_Work instructions_
Of all the entries below, retype only the lines from the one with "從A股上市公司的數據來看,2" through the one with "CLATINA Grey Stacking", exactly as they appear.

_Data extracts_
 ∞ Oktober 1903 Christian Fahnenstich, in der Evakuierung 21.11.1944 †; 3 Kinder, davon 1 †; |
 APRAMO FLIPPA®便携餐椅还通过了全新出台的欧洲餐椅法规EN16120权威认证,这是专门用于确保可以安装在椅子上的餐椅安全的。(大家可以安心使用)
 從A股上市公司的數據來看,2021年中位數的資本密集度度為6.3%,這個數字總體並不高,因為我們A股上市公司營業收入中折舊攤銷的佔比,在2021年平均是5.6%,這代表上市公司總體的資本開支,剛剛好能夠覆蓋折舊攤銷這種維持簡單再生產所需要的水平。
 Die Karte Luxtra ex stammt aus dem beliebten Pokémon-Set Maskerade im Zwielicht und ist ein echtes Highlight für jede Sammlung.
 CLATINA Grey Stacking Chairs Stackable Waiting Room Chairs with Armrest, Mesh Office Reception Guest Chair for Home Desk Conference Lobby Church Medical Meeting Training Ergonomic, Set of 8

---

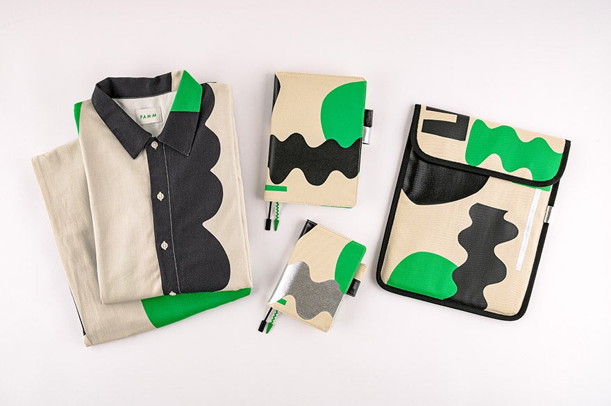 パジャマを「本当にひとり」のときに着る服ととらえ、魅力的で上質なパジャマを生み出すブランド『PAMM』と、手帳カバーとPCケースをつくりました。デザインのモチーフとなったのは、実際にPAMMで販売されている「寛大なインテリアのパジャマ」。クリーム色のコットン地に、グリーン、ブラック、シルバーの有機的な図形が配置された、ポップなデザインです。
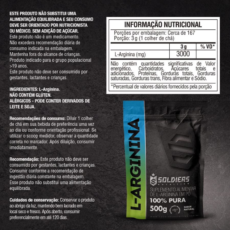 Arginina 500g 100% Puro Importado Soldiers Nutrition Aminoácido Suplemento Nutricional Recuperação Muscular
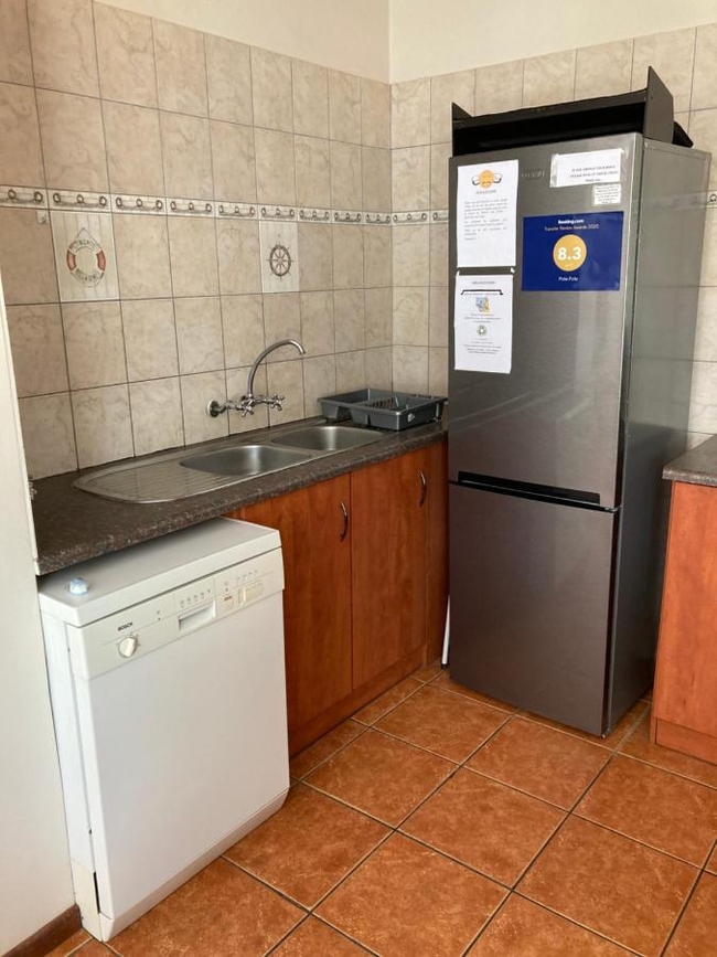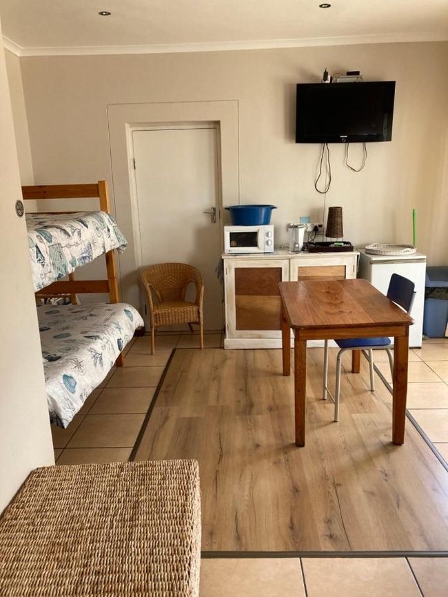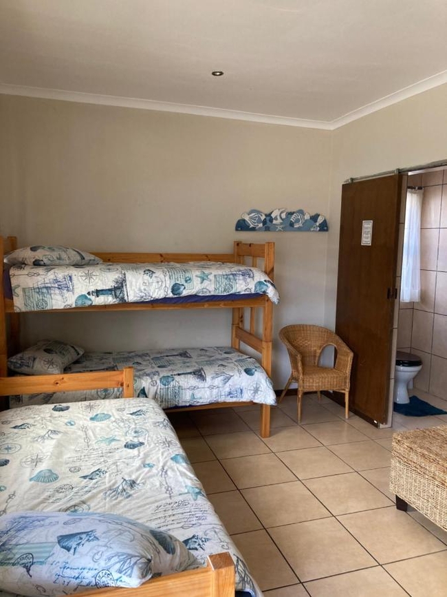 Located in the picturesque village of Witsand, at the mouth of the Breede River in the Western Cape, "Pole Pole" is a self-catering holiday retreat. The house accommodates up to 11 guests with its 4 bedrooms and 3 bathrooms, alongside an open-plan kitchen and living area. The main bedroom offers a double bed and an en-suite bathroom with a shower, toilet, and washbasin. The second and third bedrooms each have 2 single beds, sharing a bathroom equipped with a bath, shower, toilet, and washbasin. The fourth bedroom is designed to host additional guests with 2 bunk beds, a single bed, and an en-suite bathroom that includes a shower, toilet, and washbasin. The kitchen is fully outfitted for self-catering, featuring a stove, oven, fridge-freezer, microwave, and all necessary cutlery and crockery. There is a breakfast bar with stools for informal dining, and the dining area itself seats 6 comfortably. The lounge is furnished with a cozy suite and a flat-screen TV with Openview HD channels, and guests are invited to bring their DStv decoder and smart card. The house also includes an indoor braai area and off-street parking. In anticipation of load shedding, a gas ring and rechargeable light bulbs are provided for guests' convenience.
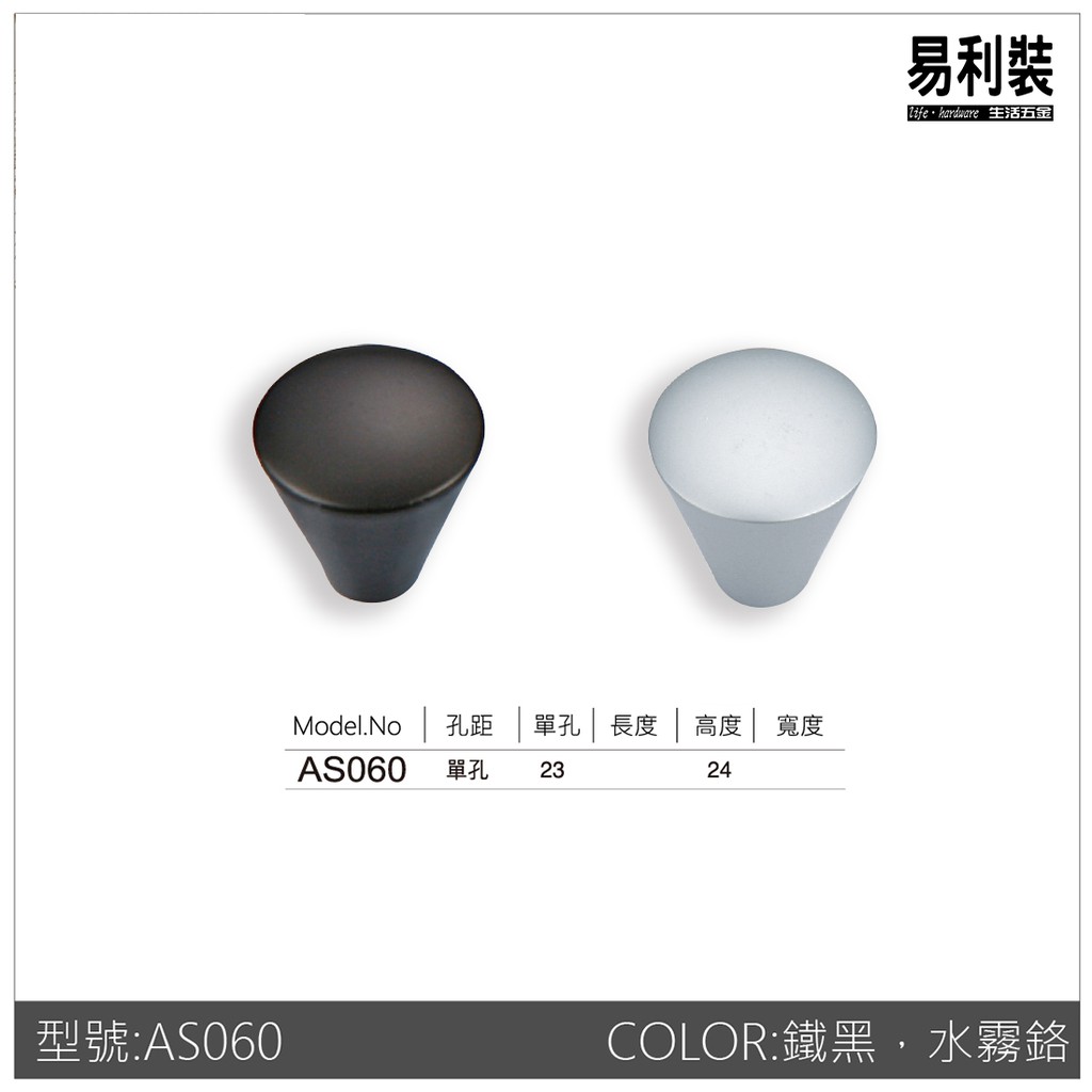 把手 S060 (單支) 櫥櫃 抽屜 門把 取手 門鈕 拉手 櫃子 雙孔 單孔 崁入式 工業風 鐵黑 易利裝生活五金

_Result_
 從A股上市公司的數據來看,2021年中位數的資本密集度度為6.3%,這個數字總體並不高,因為我們A股上市公司營業收入中折舊攤銷的佔比,在2021年平均是5.6%,這代表上市公司總體的資本開支,剛剛好能夠覆蓋折舊攤銷這種維持簡單再生產所需要的水平。
 Die Karte Luxtra ex stammt aus dem beliebten Pokémon-Set Maskerade im Zwielicht und ist ein echtes Highlight für jede Sammlung.
 CLATINA Grey Stacking Chairs Stackable Waiting Room Chairs with Armrest, Mesh Office Reception Guest Chair for Home Desk Conference Lobby Church Medical Meeting Training Ergonomic, Set of 8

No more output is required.